■ **WHAT THE TASK ASKS**
Write each entry again exactly as shown, but without the images it holds.

★ ★ ★ ★

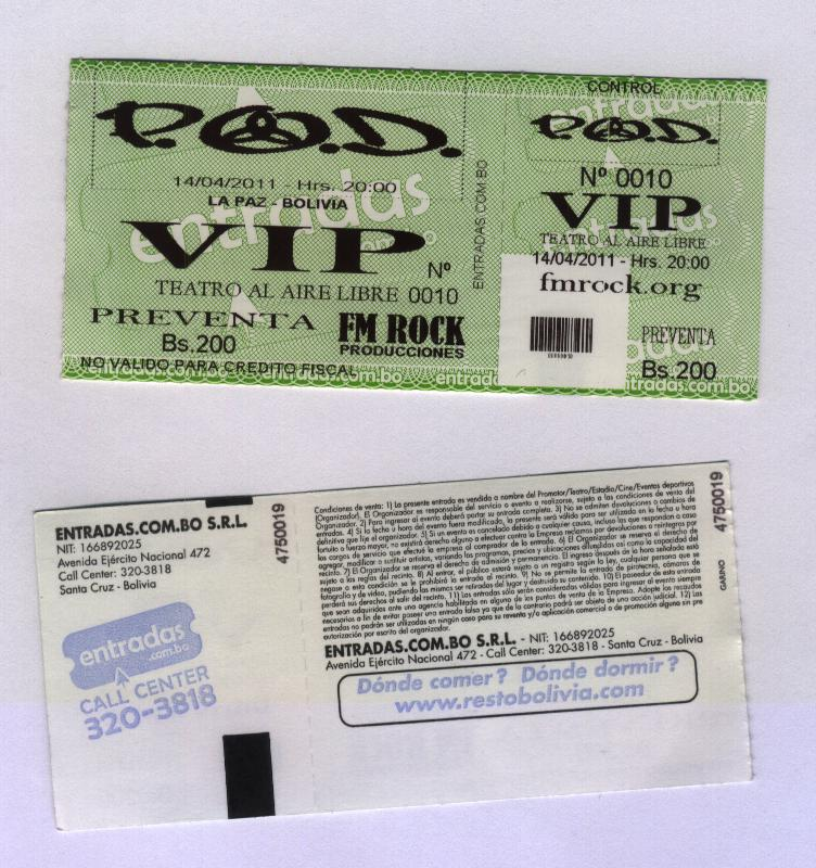 Concert ticket for Payable On Death in La Paz, Bolivia, April 14, 2011.
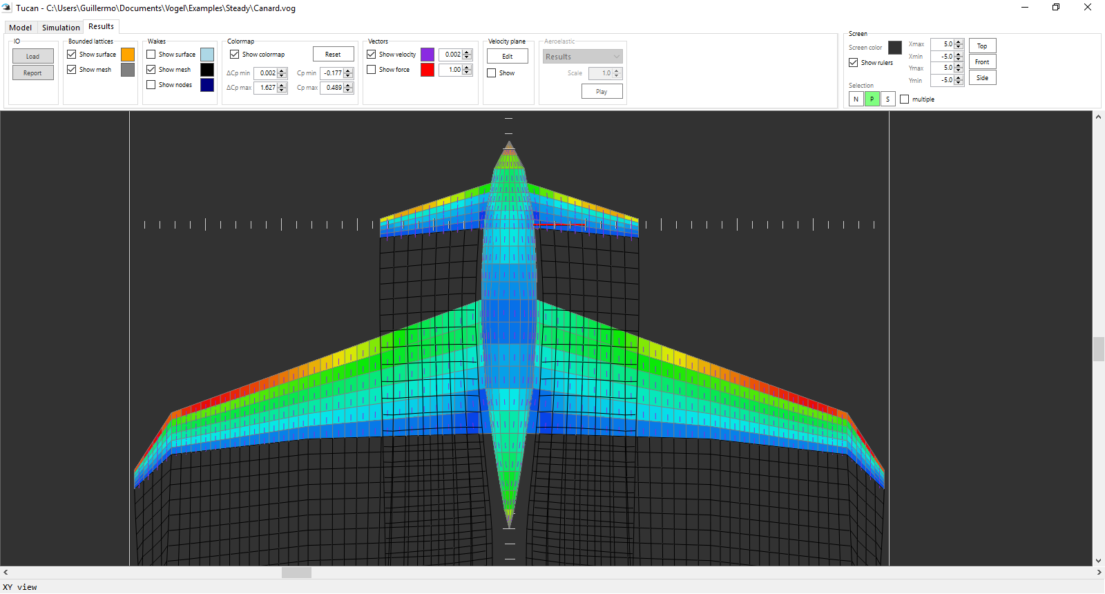 Tucan main window
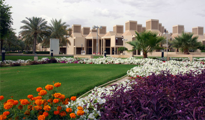 Qatar University
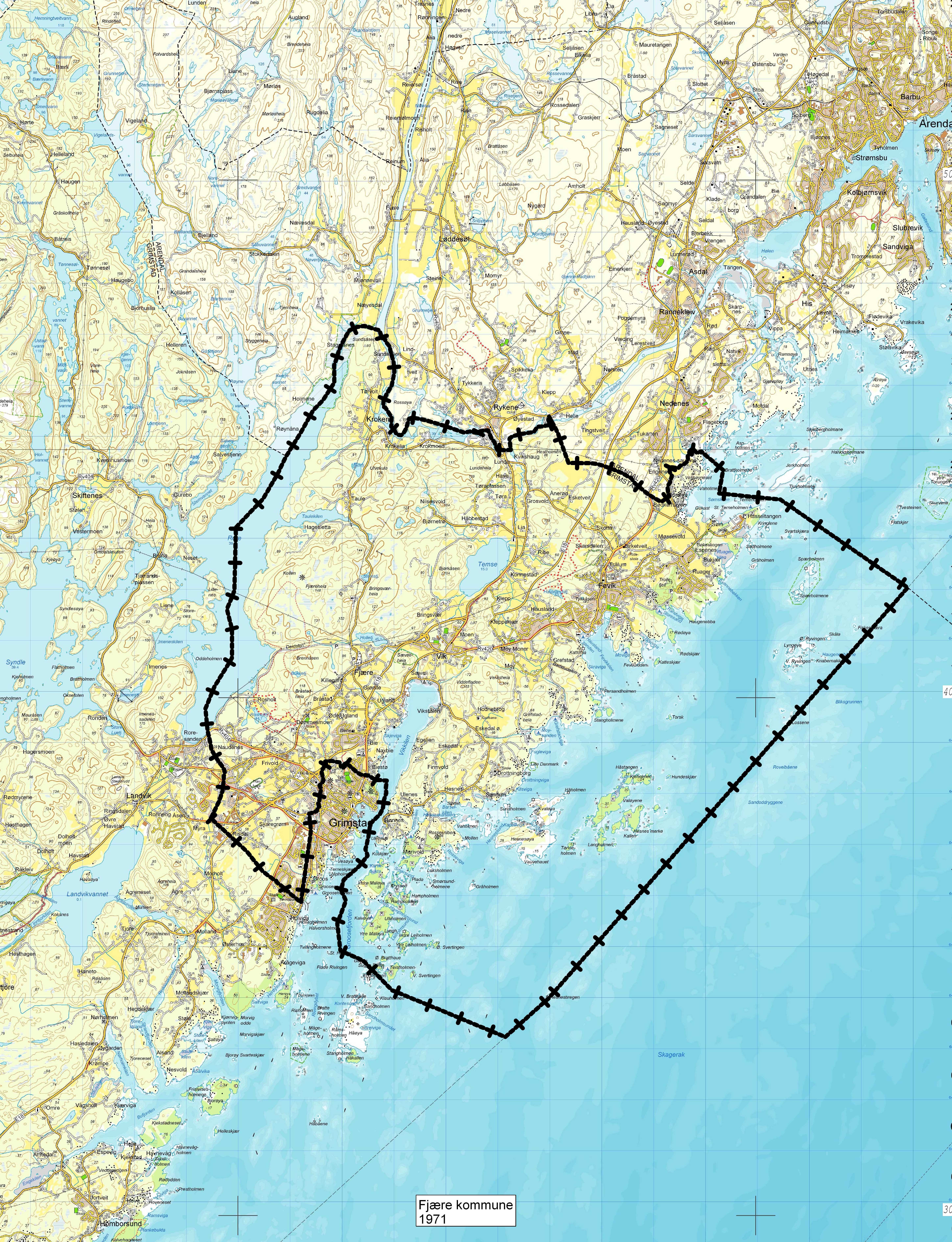 "Fjære kommune" 1971, Grimstad, Norway - Map
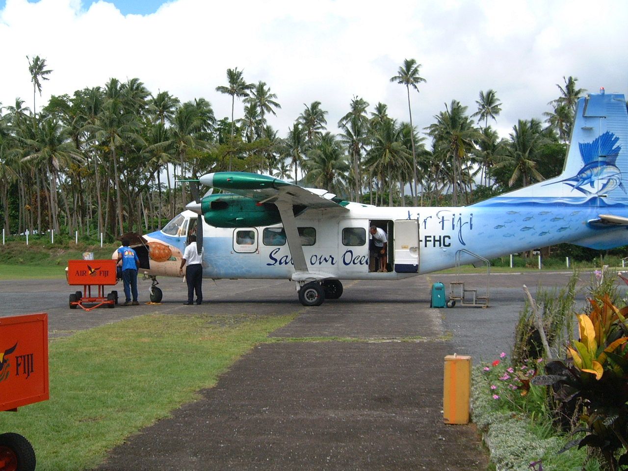 Air Fiji plane at Matei Taveuni Fiji.
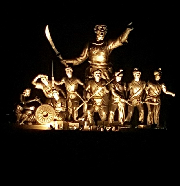 35-feet-high statue of Ahom general Lachit Borphukan in the middle of the Brahmaputra, was inaugurated by former chief minister Tarun Gogoi on Sunday 31 January, 2016. The statue depicts the Battle of Saraighat of 1671 in which Lachit and his soldiers stopped the marauding Mughal army from invading the Ahom kingdom. It comprises a bronze statue of the general, eight 18-feet statues of soldiers and two 32-feet-long water canons. The soldiers and the cannons are made of fibre glass. The total size of the pedestal on which the statues rest is 12 by 12 by 1.5 meters and it stands on a well 8.5 meters wide. The main statue stands four feet above the pedestal while the soldiers are placed below Lachit. অসমীয়া: ৩৫ ফুট ওখ আহোম সেনাপতি লাচিত বৰফুকন প্ৰতিমুৰ্ত্তিটো ৩১ জানুৱাৰী ২০১৬ তাৰিখ দেওবাৰে প্ৰাক্তন মুখ্যমন্ত্ৰী শ্ৰী তৰুণ গগৈদেৱে উন্মোচন কৰে। এই প্ৰতিমুৰ্ত্তিটোত ১৬৭১ চনৰ শৰাইঘাটৰ যুদ্ধত লাচিত বৰফুকন আৰু তেখেতৰ সৈন্যই বিশাল মোগল সৈন্যবাহিনীক প্ৰতিৰোধ কৰাৰ এটি মুহুৰ্ত দেখুৱা হৈছে। প্ৰতিমুৰ্ত্তিটোৰ অন্তৰ্গত অংশ কেইটা - ব্ৰঞ্জৰ লাচিতৰ মুৰ্ত্তি, ১৮ফুট ওখ সৈনিকসকল আৰু দুটা ৩২ ফুট দীঘল জল বৰটোপ। সৈনিক আৰু বৰটোপ কেইটা ফাইবাৰগ্ৰাচেৰে তৈয়াৰী। প্ৰতিমূৰ্তিটোক ধৰি ৰখা স্তম্ভটো ১২x১২x১.৫ মিটাৰ আৰু ই ৮.৫ মিটাৰ ঘেৰাৰ প্ৰাচীৰৰ ওপৰত আছে। লাচিতৰ মুল প্ৰতিমূৰ্ত্তিটো স্তম্ভটোৰ চাৰিফুট ওখত আছে আৰু সৈনিকসকলৰ প্ৰতিমুৰ্ত্তিকেইটা তলত আছে।
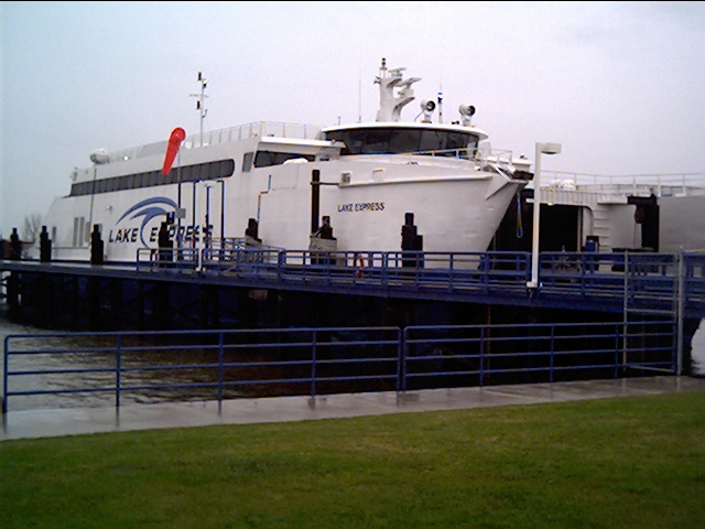 Lake Express at her slip in Muskegon, Michigan. The ferry transports across Lake Michigan between Michigan and Wisconsin.
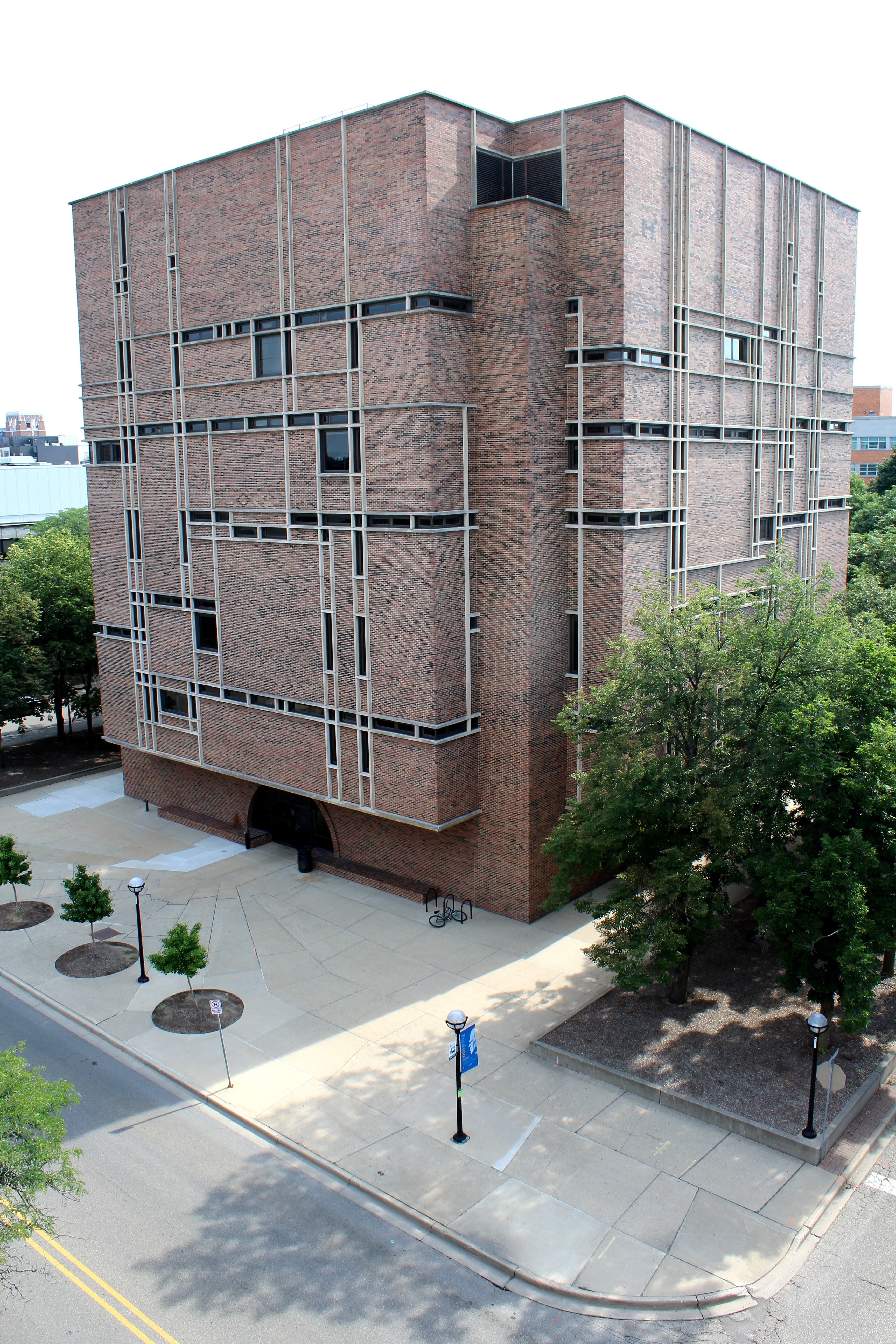 Fleming Administration Building, 503 Thompson Street, Ann Arbor, Michigan.

★ ★ ★ ★

■ **THE COMPLETED TASK**
 Concert ticket for Payable On Death in La Paz, Bolivia, April 14, 2011.
 Tucan main window
 Qatar University
 "Fjære kommune" 1971, Grimstad, Norway - Map
 Air Fiji plane at Matei Taveuni Fiji.
 35-feet-high statue of Ahom general Lachit Borphukan in the middle of the Brahmaputra, was inaugurated by former chief minister Tarun Gogoi on Sunday 31 January, 2016. The statue depicts the Battle of Saraighat of 1671 in which Lachit and his soldiers stopped the marauding Mughal army from invading the Ahom kingdom. It comprises a bronze statue of the general, eight 18-feet statues of soldiers and two 32-feet-long water canons. The soldiers and the cannons are made of fibre glass. The total size of the pedestal on which the statues rest is 12 by 12 by 1.5 meters and it stands on a well 8.5 meters wide. The main statue stands four feet above the pedestal while the soldiers are placed below Lachit. অসমীয়া: ৩৫ ফুট ওখ আহোম সেনাপতি লাচিত বৰফুকন প্ৰতিমুৰ্ত্তিটো ৩১ জানুৱাৰী ২০১৬ তাৰিখ দেওবাৰে প্ৰাক্তন মুখ্যমন্ত্ৰী শ্ৰী তৰুণ গগৈদেৱে উন্মোচন কৰে। এই প্ৰতিমুৰ্ত্তিটোত ১৬৭১ চনৰ শৰাইঘাটৰ যুদ্ধত লাচিত বৰফুকন আৰু তেখেতৰ সৈন্যই বিশাল মোগল সৈন্যবাহিনীক প্ৰতিৰোধ কৰাৰ এটি মুহুৰ্ত দেখুৱা হৈছে। প্ৰতিমুৰ্ত্তিটোৰ অন্তৰ্গত অংশ কেইটা - ব্ৰঞ্জৰ লাচিতৰ মুৰ্ত্তি, ১৮ফুট ওখ সৈনিকসকল আৰু দুটা ৩২ ফুট দীঘল জল বৰটোপ। সৈনিক আৰু বৰটোপ কেইটা ফাইবাৰগ্ৰাচেৰে তৈয়াৰী। প্ৰতিমূৰ্তিটোক ধৰি ৰখা স্তম্ভটো ১২x১২x১.৫ মিটাৰ আৰু ই ৮.৫ মিটাৰ ঘেৰাৰ প্ৰাচীৰৰ ওপৰত আছে। লাচিতৰ মুল প্ৰতিমূৰ্ত্তিটো স্তম্ভটোৰ চাৰিফুট ওখত আছে আৰু সৈনিকসকলৰ প্ৰতিমুৰ্ত্তিকেইটা তলত আছে।
 Lake Express at her slip in Muskegon, Michigan. The ferry transports across Lake Michigan between Michigan and Wisconsin.
 Fleming Administration Building, 503 Thompson Street, Ann Arbor, Michigan.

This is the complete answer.